Menjalani magang di Metrotvnews.com dirasakan sangat menantang! Bukan seperti tempat magang lain yang mengandalkan mahasiswa untuk melakoni pekerjaan remeh-temeh, seperti fotokopi, jilid dan sebagainya. Di media berlambang biru ini, Prima betul-betul merasakan pengalaman sebagai jurnalis.

Pengalaman bertemu dengan sejumlah tokoh dan pastinya belajar teknik penulis langsung di tempat sumber berita berada.

Seleksi dan Jadwal kerja

Prima sendiri sebelumnya tak menyangka bakal dipanggil untuk interview seleksi mahasiswa magang di Metro TV. Pasalnya, Prima sudah menunggu cukup lama sejak aplikasi lamarannya dikirim.

“Waktu itu sekitar bulan Desember kirim surat pengantar, CV dan contoh tulisan ke redaksi Metro. Lalu baru kepanggil itu sekitar tiga atau empat bulan kemudian. Memang sih, yang namanya cari tempat magang kadang harus tunggu antrian ya, makanya memang sebaiknya kirim dari jauh-jauh hari,” ujarnya membuka cerita.

Ketika interview dengan user, Prima ditanyakan beberapa pertanyaan seputar dunia olahraga yang akan menjadi kanalnya untuk mengisi berita. Sekaligus juga membahas tentang tulisan yang pernah dibuat saat kuliah.

Karena akan magang di tempat penghasil berita, otomatis pengetahuan terhadap berita-berita yang sedang hangat pun wajib tahu. Itu sebabnya, jangan malas untuk membaca berita dan analisis pemberitaan tersebut.

Tak butuh waktu lama, pasca hari interview itu. Prima dinyatakan lolos dan mendapatkan ID Card Intern yang berguna sebagai identitas dan juga akses card masuk ke gedung Metro TV. Melihat nama dan fotonya ada dalam ID tersebut sangat membuatnya bangga.
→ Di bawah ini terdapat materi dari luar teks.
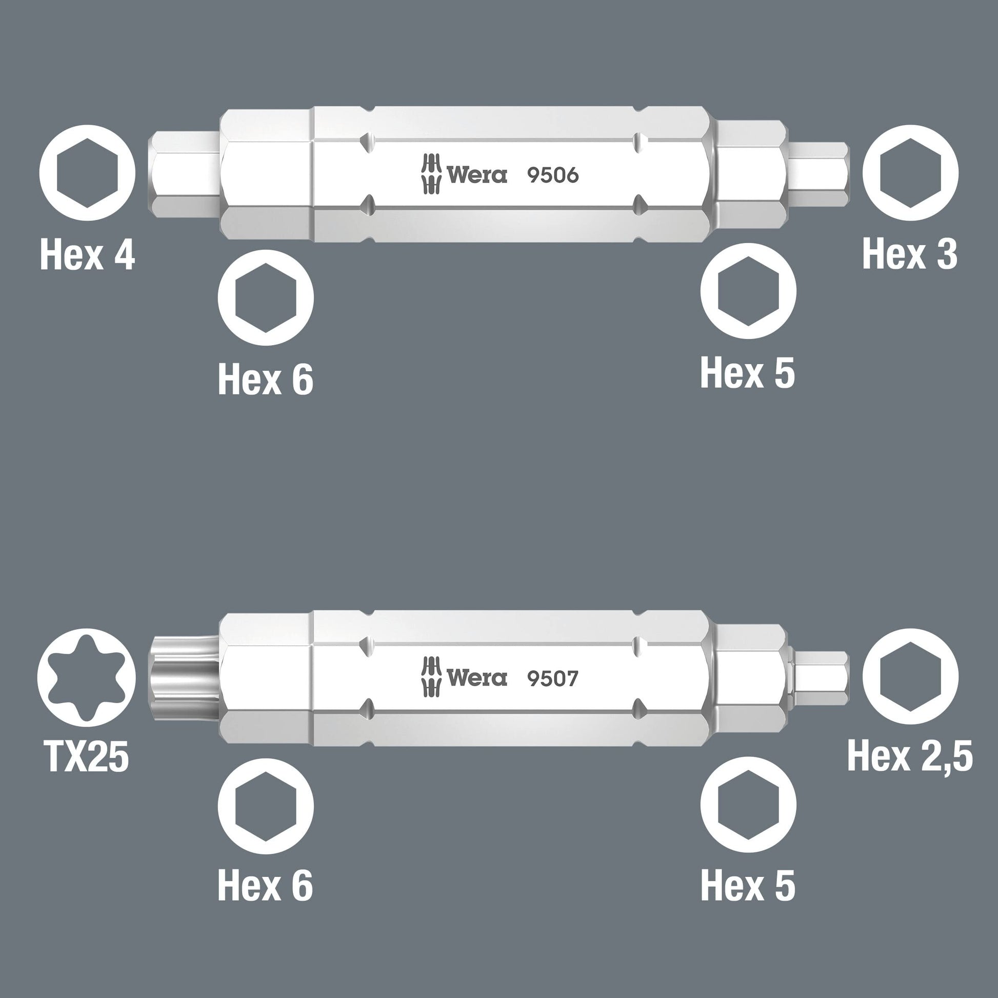 ["Innovative, extremely compact 4-way bit - only one bit for four different screw sizes","Very space-saving and therefore ideal for mobile use","Compact, secure and very easy holder in the Wera tire levers","The hexagon socket of the tire lever allows a torque of up to 10 Nm","Significant weight savings and better tool visibility when on tour"]

Kegiatan dan tanggung jawab sehari-hari

Di hari pertama, dibicarakan terlebih dahulu mengenai jadwal kuliah. Di hari apa saja kuliah dan jamnya, nanti baru disesuaikan dengan jadwal masuk di tempat magang tersebut. Jadi jadwal magang menyesuaikan dengan jadwal masuk kuliah.

“Kalau misalnya ada keperluan lain, misalnya tiba-tiba harus ketemu dosen atau ada tugas kelompok dan semacamnya, saya sampaikan ke editor sehingga tidak bisa hadir di jam magang tersebut. tambah Prima.
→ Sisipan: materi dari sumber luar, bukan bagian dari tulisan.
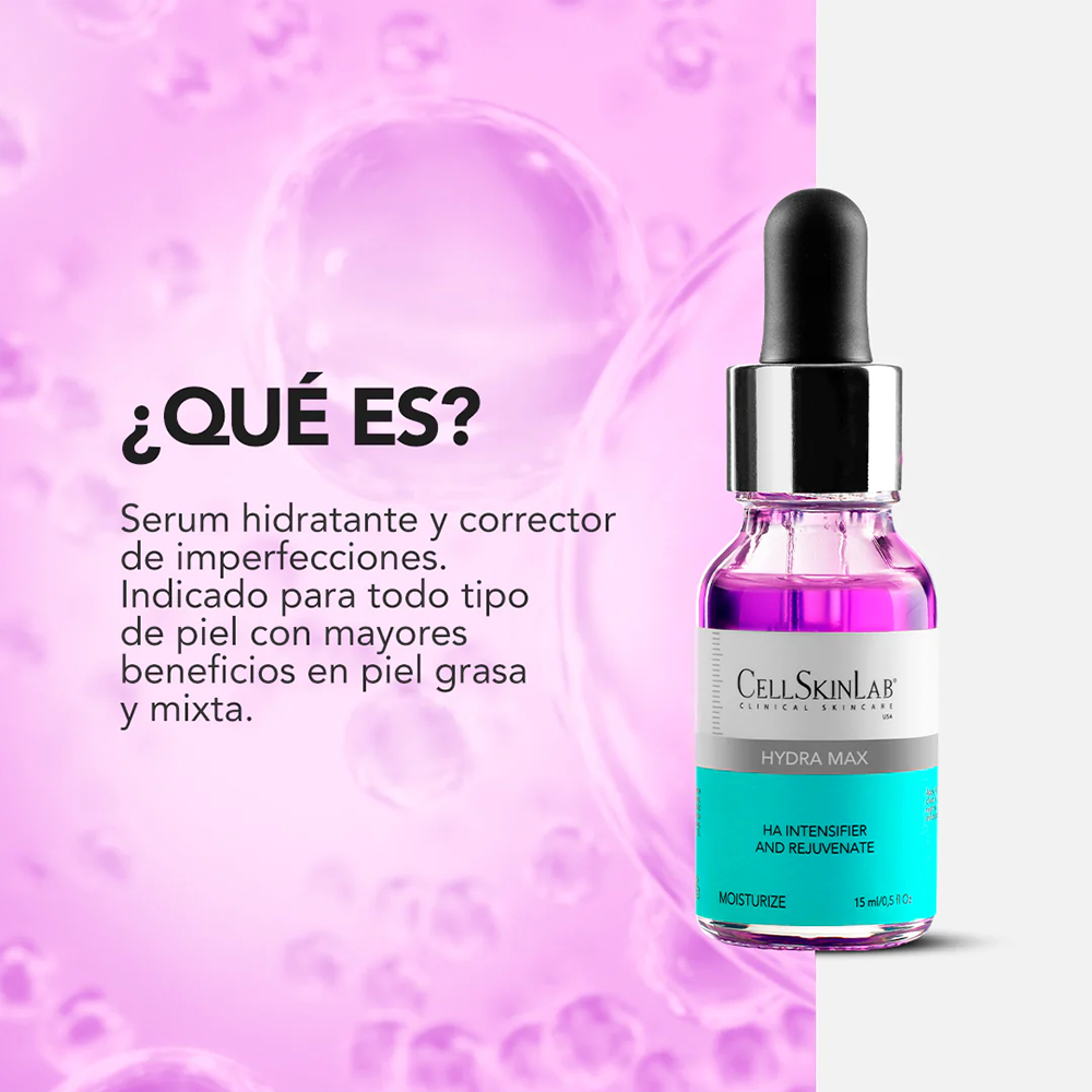 HYDRA MAX Sérum es un potente corrector de imperfecciones y un serum hidratante avanzado diseñado para transformar la apariencia de la piel, proporcionando suavidad, firmeza y un aspecto visiblemente más lozano. Su formulación innovadora actúa contra la sequedad, la flacidez y las arrugas, siendo un complemento ideal para potenciar y prolongar los resultados de tratamientos estéticos profesionales como fillers y mesoterapia.

Setiap harinya, Prima mendapatkan jatah makan siang dan setiap bulannya ada uang saku yang masuk ke rekening. Uang yang masuk tersebut terbilang cukup untuk menggantikan biaya ongkos ke tempat magang dan untuk jajan ala mahasiswa.

Tugas hariannnya seputar menulis artikel-artikel untuk portal beruta tersebut. Awalnya Prima lebih seirng berada di dalam kantor, karena menterjemahkan berita berbahasa Inggris ke dalam bahasa Indonesia.

“Pertama kali masuk itu tugas awal hanya menterjemahkan berita-berita asing ke dalam bahasa Indonesia yang bukan hanya sesuai EYD tapi juga enak dibaca. Sehari-hari saya menterjemahkan kira-kira 5 berita,” ujarnya sambil tersenyum mengingat pengalamannya.

Prima awalnya keawalahan untuk mencapai target 5 berita tersebut setiap hari masuknya. Karena masih baru, selain adaptasi tapi juga masih ada perasaan ragu apakah pemilihan kata yang ditulisnya sduah tepat atau belum.

Hal inilah yang membuat keringat yang keluar didahinya harus diseka berkali-kali. Rasa tegang dan takut tersebut tentunya memperlambat proses penulisan. Nah untungnya ini hanya berlangsung di awal saja, berkat bantuan dari reporter dan editor setempat, Prima perlahan bisa mengasah kemampuannya.

“Di tempat magang ini, benar-benar learning by doing ya. jadi jika ada yang kurang tepat, biasanya editor kasih tau salahnya di mana dan seharusnya seperti apa. Ini benar-benar bantu banget untuk kita evaluasi diri setiap harinya,”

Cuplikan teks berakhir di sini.